Context-enriched molecule representations improve few-shot drug discovery

Johannes Schimunek,Philipp Seidl,Lukas Friedrich,Daniel Kuhn,Friedrich Rippmann,Sepp Hochreiter,Günter Klambauer
2023-04-25
Abstract:A central task in computational drug discovery is to construct models from known active molecules to find further promising molecules for subsequent screening. However, typically only very few active molecules are known. Therefore, few-shot learning methods have the potential to improve the effectiveness of this critical phase of the drug discovery process. We introduce a new method for few-shot drug discovery. Its main idea is to enrich a molecule representation by knowledge about known context or reference molecules. Our novel concept for molecule representation enrichment is to associate molecules from both the support set and the query set with a large set of reference (context) molecules through a Modern Hopfield Network. Intuitively, this enrichment step is analogous to a human expert who would associate a given molecule with familiar molecules whose properties are known. The enrichment step reinforces and amplifies the covariance structure of the data, while simultaneously removing spurious correlations arising from the decoration of molecules.

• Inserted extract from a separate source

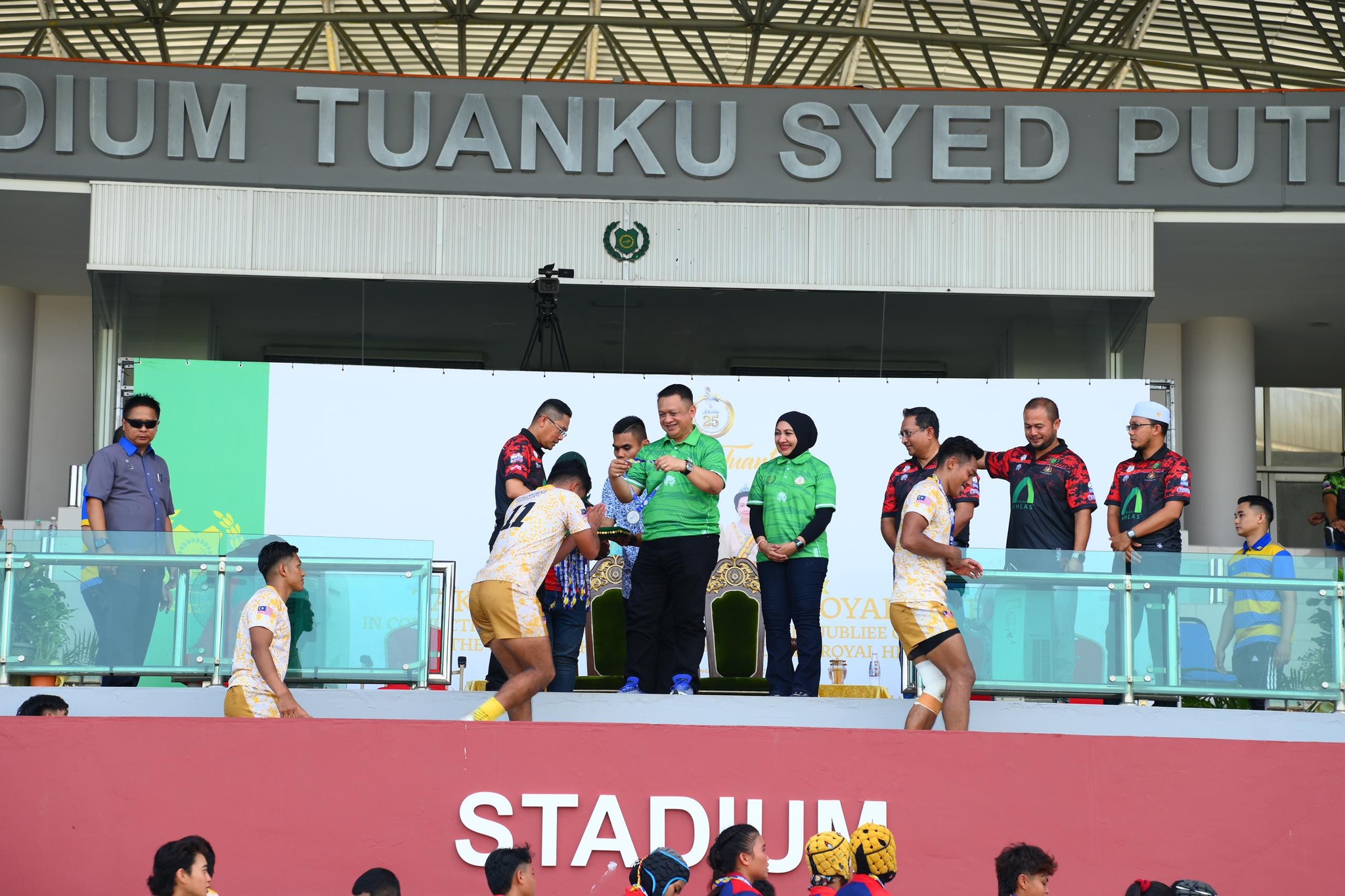 DYTM Raja Muda Perlis Tuanku Syed Faizuddin Putra Ibni Tuanku Syed Sirajuddin Jamalullail bersama DYTM Raja Puan Muda Perlis Tuanku Dr. Hajah Lailatul Shahreen Akashah Khalil telah berkenan berangkat ke Majlis Penutup dan Pengurniaan Hadiah Sempena Kejohanan Ragbi Takaful Ikhlas Perlis Royal Seven 2025 bersempena Sambutan Jubli Perak Pemerintahan dan Sambutan Ulang Tahun Keputeraan Ke-82 DYMM Tuanku Raja Perlis.

Our approach is compared with other few-shot methods for drug discovery on the FS-Mol benchmark dataset. On FS-Mol, our approach outperforms all compared methods and therefore sets a new state-of-the art for few-shot learning in drug discovery. An ablation study shows that the enrichment step of our method is the key to improve the predictive quality. In a domain shift experiment, we further demonstrate the robustness of our method. Code is available at <a class="link-external link-https" href="https://github.com/ml-jku/MHNfs" rel="external noopener nofollow">this https URL</a>.

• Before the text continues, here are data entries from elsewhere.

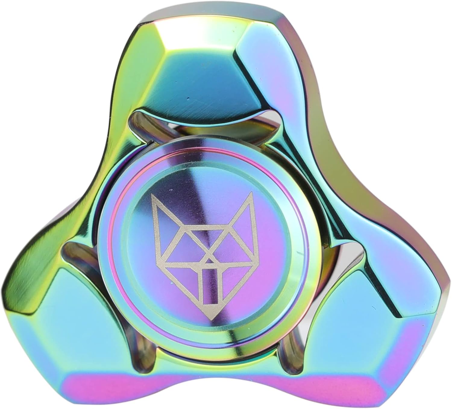 FREELOVE Metal Fidget Spinner, Stainless Steel Heavy, Long Spinning Toys, Cool Silent, Small Mini Fox Figette Spiner for Adults Men Anxiety, Quiet Bearing, Rainbow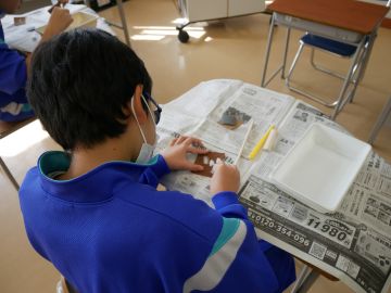 埋蔵文化財センターの職員の方にご来校いただき、勾玉作りをしました。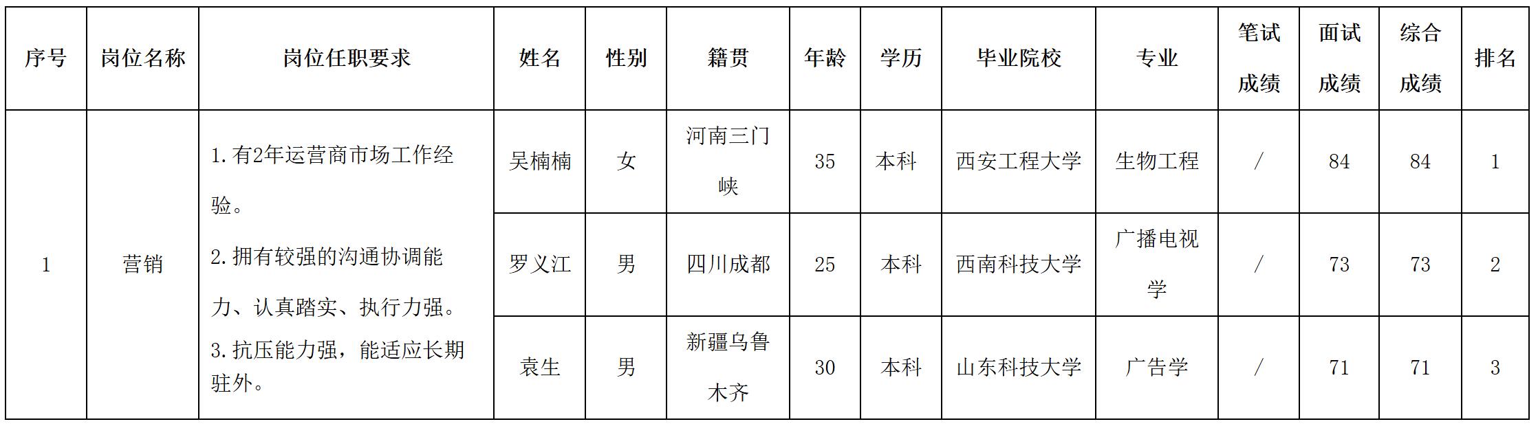 根據(jù)四川長(zhǎng)虹新網(wǎng)科技公司發(fā)布的招聘公告及招聘相關(guān)規(guī)定,經(jīng)筆試、面試等程序,現(xiàn)將筆試(面試)成績(jī)予以公示。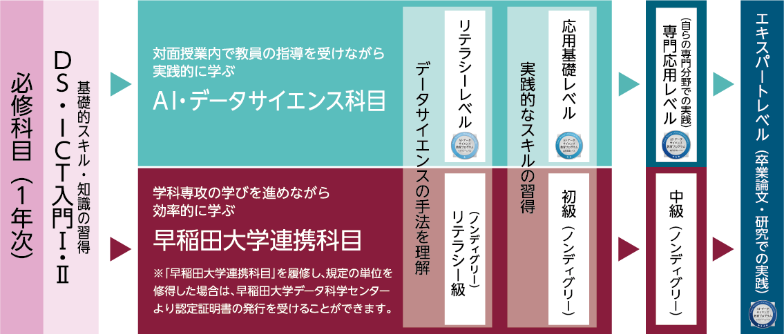 1年次必修科目を終えると、次に「AI・データサイエンス科目」(対面授業)または「早稲田大学連携科目」(オンデマンド授業)という選択科目へと進むが、後者の授業がユニークである。これは、早稲田大学データ科学センターのオンデマンド教材の一部を導入したものだが、そこに至る道は平坦ではなかった。
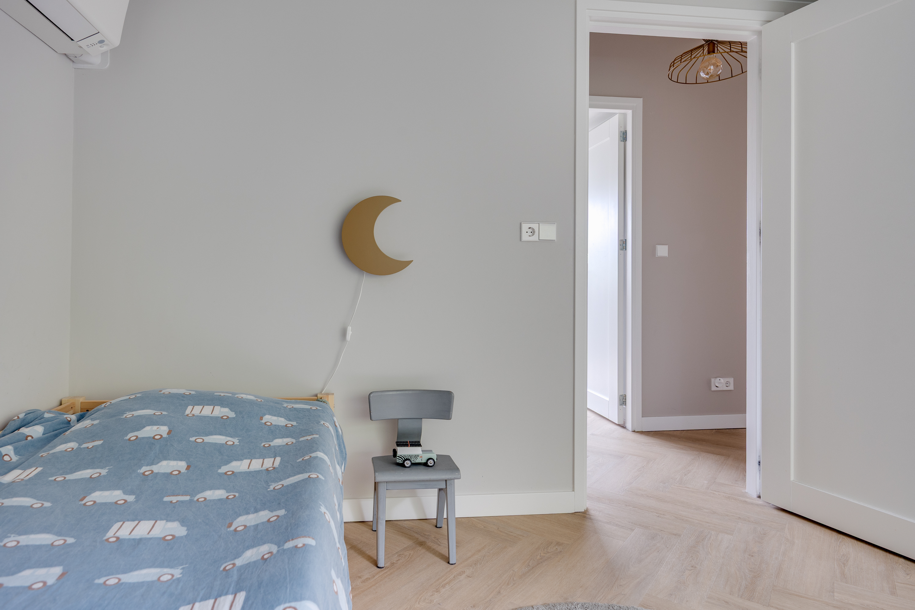 First floor layout: The landing leads to four well-designed bedrooms (all with air conditioning), two bathrooms, and a separate toilet. Thanks to the dormer windows, the floor is pleasantly light and spacious.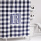 Navy Blue Buffalo Check Monogram Shower Curtain

Biomolecules,Machine Learning
What problem does this paper attempt to address?
### The Problem This Paper Attempts to Solve This paper aims to address the issue of data scarcity in the drug discovery process, particularly how to improve the effectiveness of predictive models when only a small number of known active molecules are available. Specifically: 1. **Low Data Problem in Drug Discovery**: - The drug discovery process typically requires a large amount of biometrics data, but the amount of data available in actual projects is very limited. Traditional deep learning methods require hundreds or thousands of data points to train high-accuracy predictive models. - In drug design projects, obtaining large amounts of data is very difficult due to the expensive and time-consuming nature of in vitro experiments. 2. **Improving Low-Sample Learning Methods**: - Existing low-sample learning methods often perform worse than simple baseline models in drug discovery tasks, as these methods tend to ignore background information (such as similar molecules and similar activities). - To address this, the paper proposes a new method that enriches molecular representations by associating the query set and support set with a large number of background molecules, thereby improving the quality of the predictive model. ### Main Contributions 1. **Proposing a New Architecture MHNfs**: - Utilizing modern Hopfield networks (MHN) to enhance molecular representations, achieving state-of-the-art results on the FS-Mol benchmark dataset. 2. **Introducing the Concept of Background Enhancement**: - Enriching molecular representations by associating them with a large number of background molecules, thereby improving the model's generalization ability. 3. **Adding a Simple Baseline**: - Adding a simple baseline model to the FS-Mol benchmark dataset, which outperforms most published low-sample learning methods. 4. **Experimental Validation**: - Further demonstrating the effectiveness of the new method through ablation studies and domain transfer experiments.